Thanks... I somehow missed the check constraint ability, which addresses the malformed data issue.

__Joker · on May 19, 2015

Not to nitpick. But you want this validation to be default. In this case which it can't be.

Question is what stopped MS to just wrap this NVARCHAR with json validation and json access and give it as json type. May be native json type will be added in future versions. I think just they wanted to ball to rolling.

taspeotis · on May 19, 2015

> Question is what stopped MS to just wrap this NVARCHAR with json validation and json access and give it as json type

A large part of the blog post [1] is dedicated to this issue?

> In SQL Server 2016, JSON will be represented as NVARCHAR type. There are three reasons for this:

[1] http://blogs.msdn.com/b/jocapc/archive/2015/05/16/json-suppo...

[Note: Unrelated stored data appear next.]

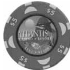
Red 8 Blue Inserts
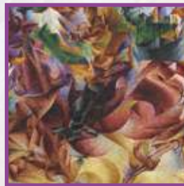
[1912, Elasticity , Umberto Boccioni ]
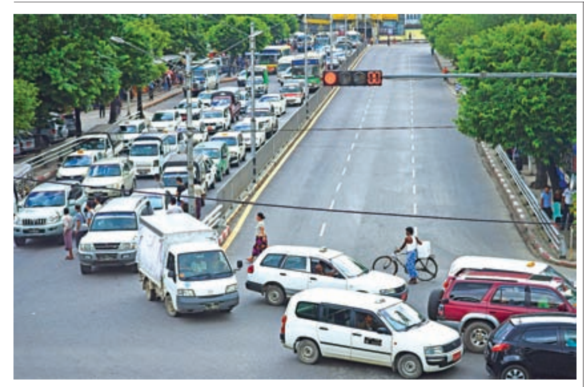
Despite price hike, cars are still being imported increasingly.
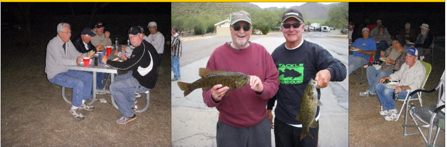
Photo Scrapbook Lake Apache November 20, 2013
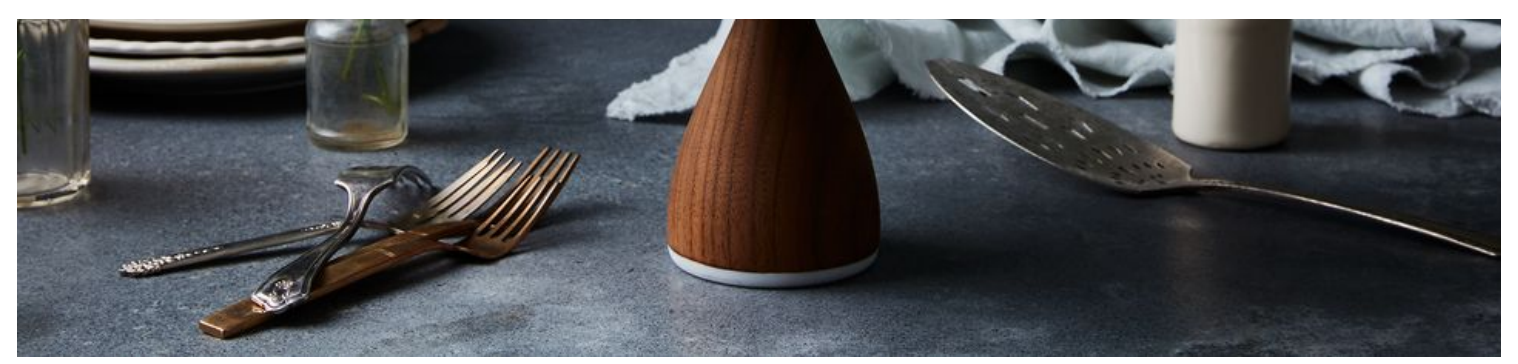
My 34th birthday cake.

I also baked as a form of meditation, like the yoga I found myself in three times a week. I'm an instinctual baker, recognizing the feel of a batter or the crumble of a dough, which is helpful because I had to be friend an entirely new pantry of ingredients that defied my classic culinary training. I went to work on developing a cake recipe that I hoped to use for my next birthday, as if I could create hope with my hands. Baking is proof that the combination of disparate things, when working together in the right amounts, make something altogether new. I have come to think of the concept of health in regard to lifestyle somewhat the same way.

ahachete · on May 19, 2015

Surprised that they mention PostgreSQL. Surprised even more that they seem to admit PostgreSQL is more advanced now than what they are releasing next year.

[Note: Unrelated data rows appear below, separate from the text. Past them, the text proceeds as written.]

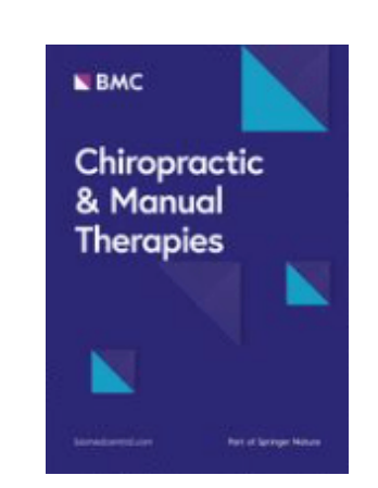
Chiropractic and Manual Therapies
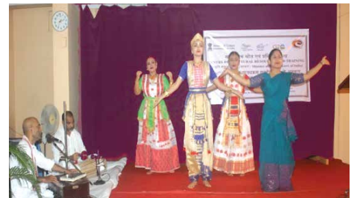
Lecture demonstration on Sattriya Dance under Orientation Course in line with NEP 2020 at CCRT, RC, Guwahati

The captivating Orientation Course aligned with NEP 2020 held at CCRT Regional Centre, Guwahati, from August 03 to 24, 2023, proved to be an exceptional learning experience for the participating teachers. Enriching sessions were accompanied by opportunities for regional cultural exchange, as teachers showcased their native folk songs, dances, and other cultural treasures. Illustrated lectures and demonstrations spanned the realms of Architecture, Literature, Music, Dance, and more, expertly delivered by eminent scholars and artists. Practical workshops in traditional handicrafts, allowed teachers to dive deep into Indian crafts that can be easily integrated into school curriculum. The culmination of the training involved the creation of lesson plans and project works. The Orientation Course thus not only imparted knowledge but also kindled a profound appreciation for India's cultural and artistic wealth among teachers, ensuring its integration into the classroom.
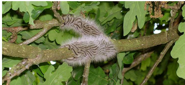
Figures 1 & 2. Forestry commission images of moth and caterpillars
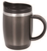
TMG051 400 ML
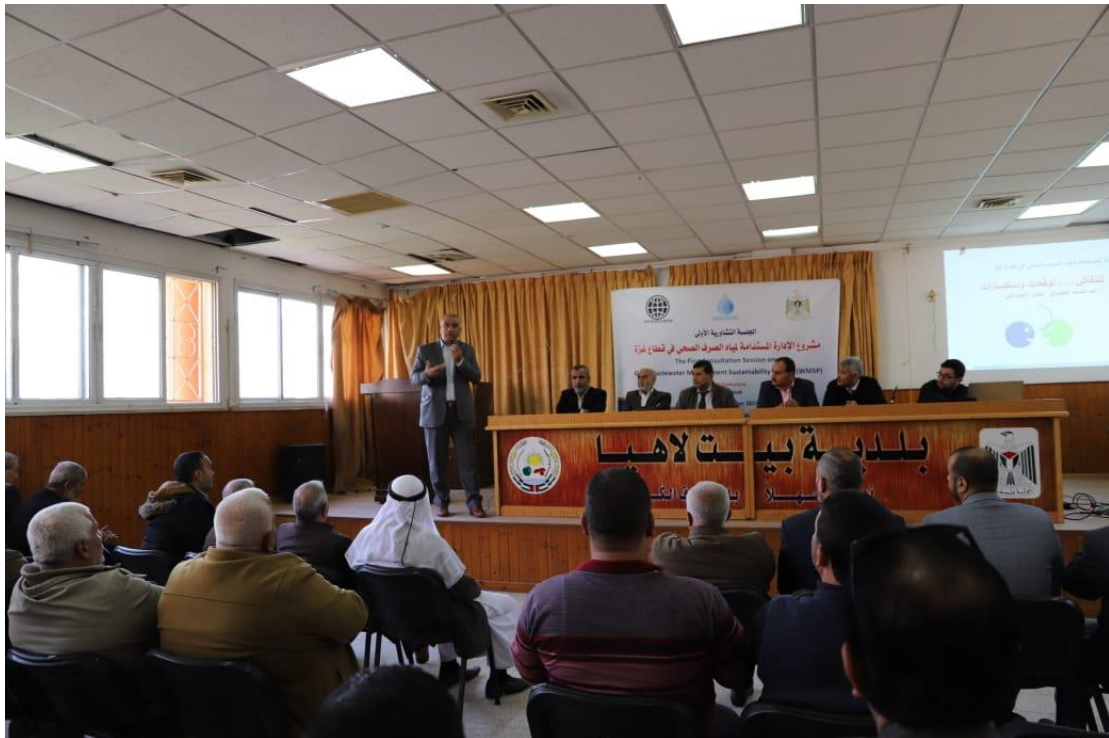
Discussion lead by the Social Expert
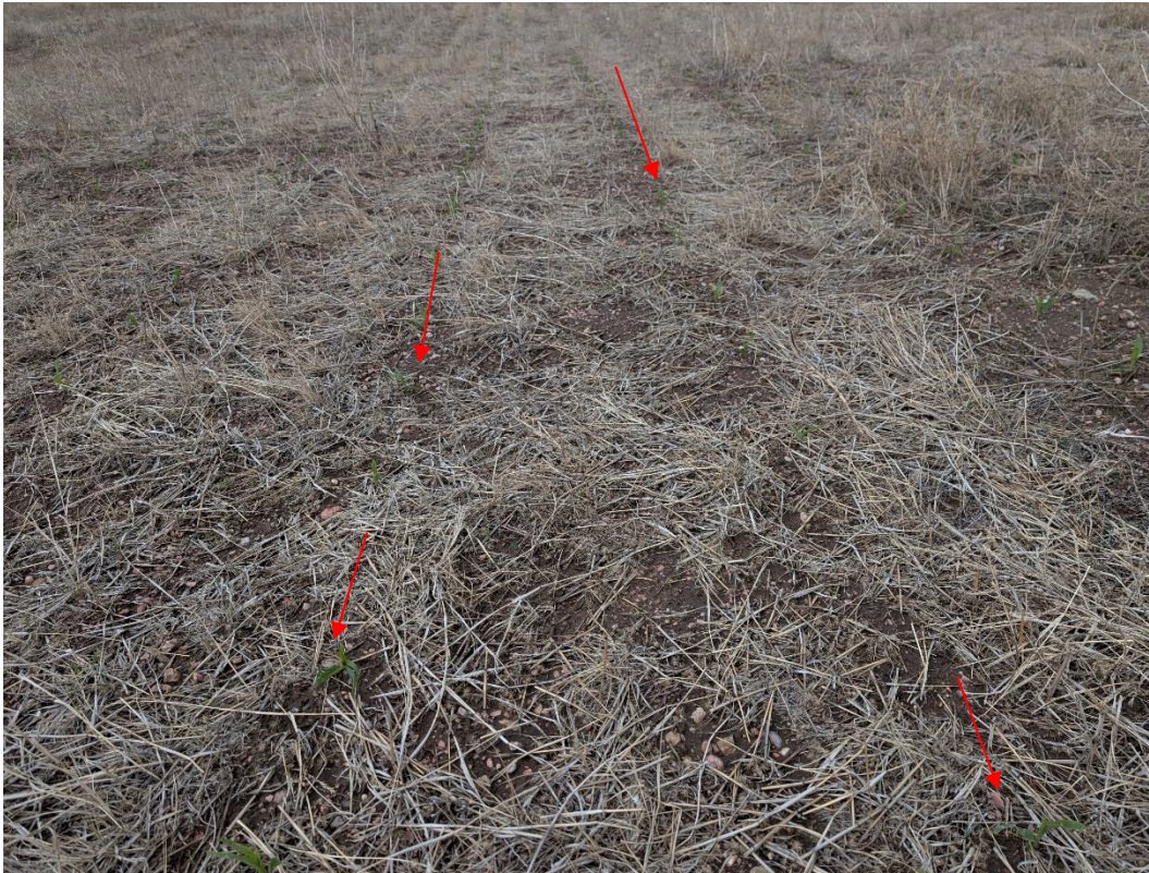
Photo 3: Close up of the crop planting. Wheat stalks from the previous year and rows of corn planted this season are noted by red arrows.
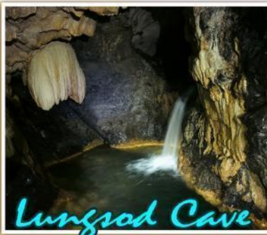
Lungsod Cave This waterfall is located inside the complex cave at sitio Pinagar, Bgy. Ransang.

However, they incorrectly mention that PostgreSQL supports BSON. It doesn't. It rather has a data type called "jsonb", which is a binary JSON serialization, but has nothing to do with BSON (which happens to be MongoDB's serialization format, and a relatively poor one, by the way).

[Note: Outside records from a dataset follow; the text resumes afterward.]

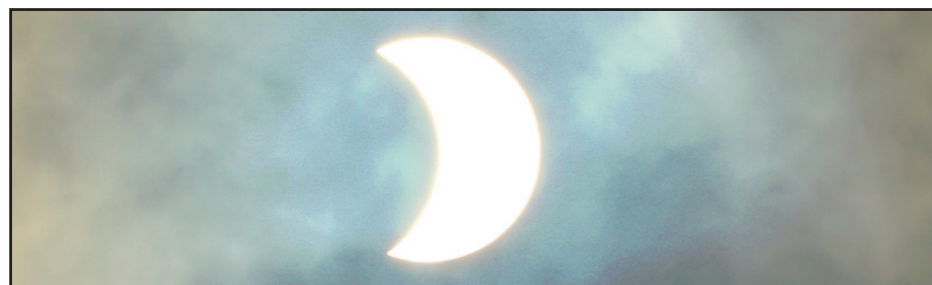
Clouds blocked the eclipse on Monday for most of the area. The clouds parted briefly and the eclipse could be seen. As the moon passed in front of the sun, these beautiful images were captured.
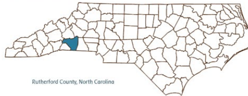
Rutherford County, North Carolina
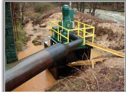
The turbine is complete and ready for the tour decking.
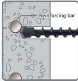
Torque Limiter :: When drill bit hits against reinforcements, Torque Limiter operates to stop.
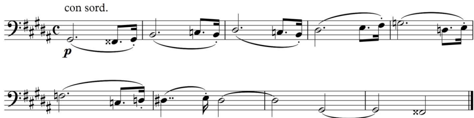
Ex. 2 Passacaglia bass theme.

From this note starts the slow unfolding of the Passacaglia’s bass theme with its gradually fading retentions and fulfilled or unfulfilled protentions . The theme builds up steadily rising within the ambit of a diminished octave, which is clearly perceived as we reach the higher G natural (which is in itself an unfulfilled protention in relation to the expected G sharp!), and then descending through a sequence towards the dominant of G sharp, leaping down a perfect fifth to the tonic followed by the leading-note F double sharp. The overall clarity of the theme’s structure makes it easily perceptible as a unity. There are, however, three aspects of it that need to be carefully examined: that of tonality, of rhythm, and of orchestration. As the following description will show, there is a dialectical play with regard to expectations, i.e. protentions, that make it rather unusual and, one may say, akoumenologically interesting.
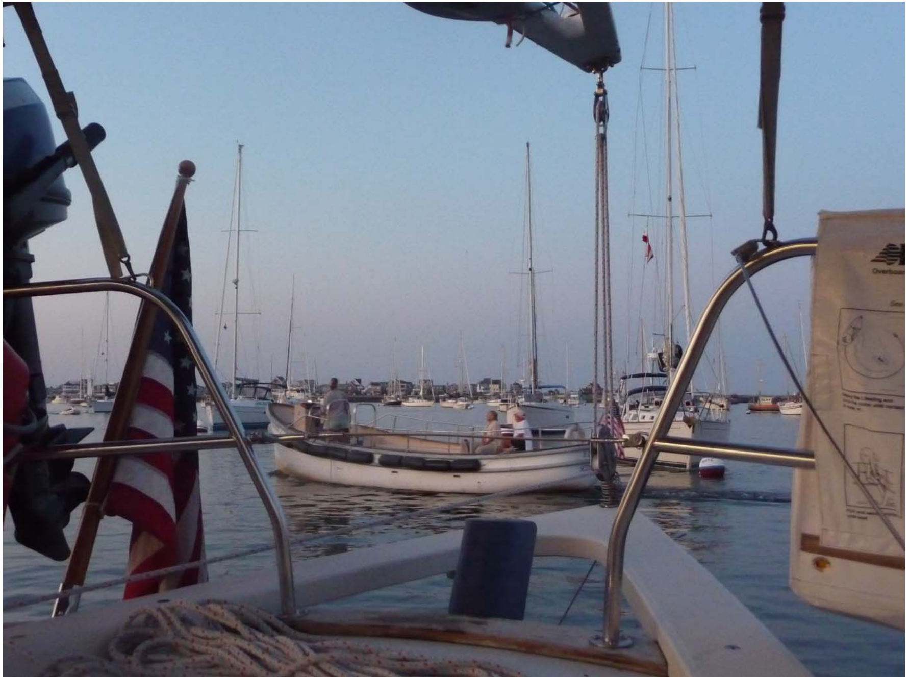
The Scituate water taxi bringing people to their boats on moorings.

Edit: blog post has been updated by the author to reflect that the type is now "jsonb" rather than BSON. Thank you!

irrigation · on May 19, 2015

As someone who extensively uses pgsql and SQL Server, I don't think it's fair to say that PostgreSQL is "more advanced" because it has one particular, somewhat trendy feature. There are many critical features that pgsql either lacks (query parallelization), or came many years after SQL Server (index-only scans, true materialized views, etc).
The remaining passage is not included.